Machine Learning Homework #3

$24.99 $18.99

Conceptual Questions The answers to these questions should be answerable without referring to external materials. Briefly justify your answers with a few words. a. [2 points] Consider training kernel ridge regression with a Gaussian RBF kernel (K(u, v) = exp − ∥u−v∥22 2σ2 ). It seems to underfit the training set: should you increase or…

5/5 – (2 votes)

You’ll get a: zip file solution

 

Description

5/5 – (2 votes)

Conceptual Questions

  1. The answers to these questions should be answerable without referring to external materials. Briefly justify your answers with a few words.

a. [2 points] Consider training kernel ridge regression with a Gaussian RBF kernel (K(u, v) = exp −

u−v22

2

).

It seems to underfit the training set: should you increase or decrease σ?

  1. [2 points] True or False: Training deep neural networks requires minimizing a non-convex loss func-tion, and therefore gradient descent might not reach the globally-optimal solution.

  1. [2 points] True or False: It is a good practice to initialize all weights to zero when training a deep neural network.

  1. [2 points] True or False: We use non-linear activation functions in a neural network’s hidden layers so that the network learns non-linear decision boundaries.

  1. [2 points] True or False: Given a neural network, the time complexity of the backward pass step in the backpropagation algorithm can be prohibitively larger compared to the relatively low time complexity of the forward pass step.

What to Submit:

Writeup: For each part a-e, 1-2 sentences containing your answer.

Coding

Introduction to PyTorch

  1. PyTorch is a great tool for developing, deploying and researching neural networks and other gradient-based algorithms.

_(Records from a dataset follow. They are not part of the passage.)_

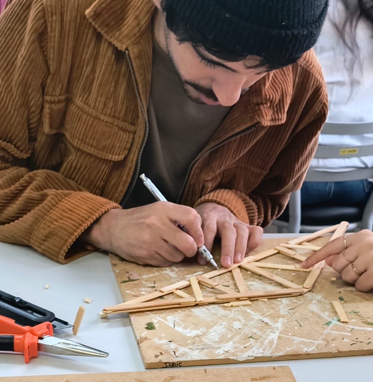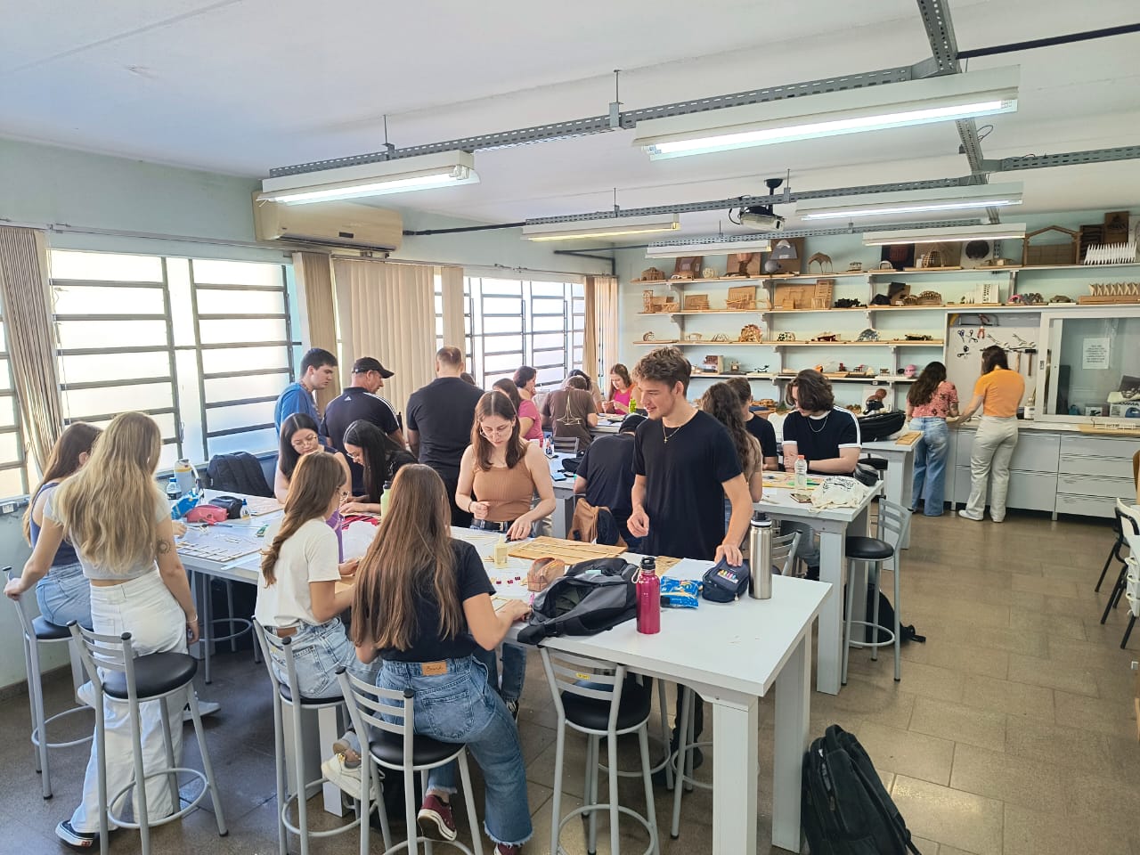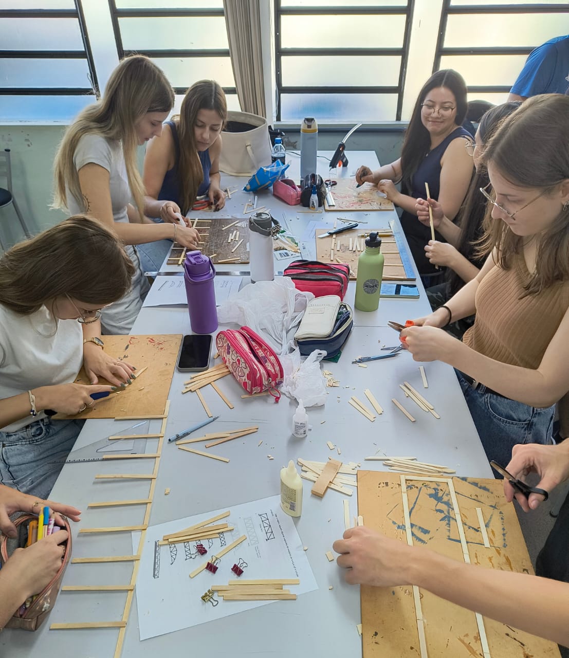 No dia 08 de abril de 2026, os acadêmicos do 3º semestre do curso de Bacharelado em Arquitetura e Urbanismo, orientados pela Profª Ma. Neidi Kunkel, realizaram a atividade prática de execução de treliça, com palitos de picolé e cola.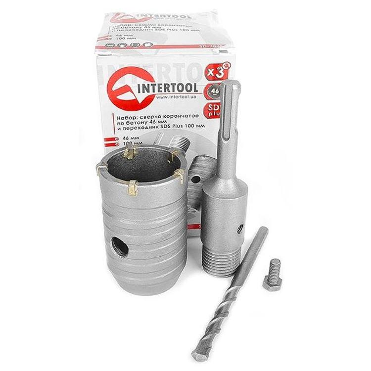 Комплект: сверло корончатое по бетону 46 мм+Переходник SDS Plus 100мм INTERTOOL SD-7046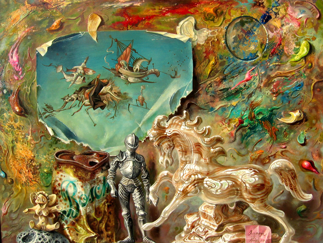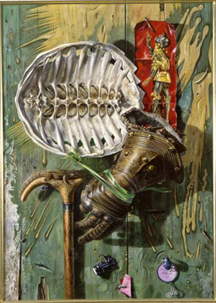 Artistically, Aaron Bohrod worked in the Regionalist and Socialist-Realist styles. This stood him in good stead from 1942 to 1945 when he was an artistic war correspondent in Europe for Life Magazine and also for work done on behalf of the Army Corps of Engineers. In the late 1940s, Bohrod became part of a growing tendency toward illusionism and fantasy called “Magic Realism.” His later trompe l’oeil still lifes, begun in the 1950s, are filled with allusions, puns, and jibes that refer to many cultures and different eras. He was successor to John Steuart Curry as artist-in-residence at University of Wisconsin-Madison.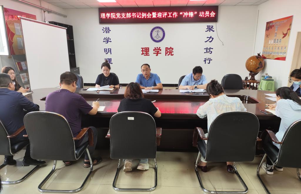 8月20日上午,学院召开了党支部书记例会暨迎评工作“冲锋”动员会。会上,院长张向华对评估工作中的重点、难点、关键点进行解读,号召党员要在迎评工作中先行一步、做深一层,为广大师生做好表率。党委书记贺龙军强调,党支部要在迎评工作中充分发挥战斗堡垒作用和党建引领作用,组织动员好全院师生同心同德、全员参与,营造人人关心评估、人人为评估做贡献的良好氛围。党员要发挥先锋模范作用,率先垂范推进审核评估工作任务,以身作则,冲锋在前,争当迎评促建甘于奉献的“排头兵”。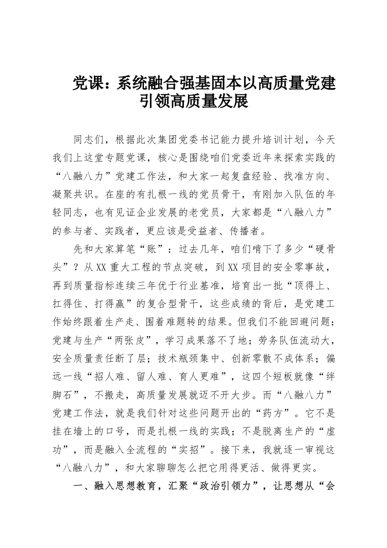 党课:系统融合强基固本以高质量党建引领高质量发展

In this problem we will explore how this package is built and re-implement some of its core components. First start by reading README.md file provided in intro pytorch subfolder. A lot of problem statements will overlap between here, readmes and comments in functions.

    1. [10 points] You will start by implementing components of our own PyTorch modules. You can find these in folders: layers, losses and optimizers. Almost each file there should contain at least one problem function, including exact directions for what to achieve in this problem. Finally, you should implement functions in train.py file.

    1. [5 points] Next we will use the above module to perform hyperparameter search. Here we will also treat loss function as a hyper-parameter. However, because cross-entropy and MSE are different, we are going to use two different files:crossentropy search.py and mean squared error search.py. For each you will need to build and train (in the provided order) 5 models:

Linear neural network (Single layer, no activation function)

NN with one hidden layer (2 units) and sigmoid activation function after the hidden layer

NN with one hidden layer (2 units) and ReLU activation function after the hidden layer

NN with two hidden layer (each with 2 units) and Sigmoid, ReLU activation functions after first and second hidden layers, respectively

NN with two hidden layer (each with 2 units) and ReLU, Sigmoid activation functions after first and second hidden layers, respectively

For each loss function, submit a plot of losses from training and validation sets. All models should be on the same plot (10 lines per plot), with two plots total (1 for MSE, 1 for cross-entropy).

  1. [5 points] For each loss function, report the best performing architecture (best performing is defined here as achieving the lowest validation loss at any point during the training), and plot it’s guesses on test set. You should use function plot model guesses from train.py file. Finally, report accuracy of that model on a test set.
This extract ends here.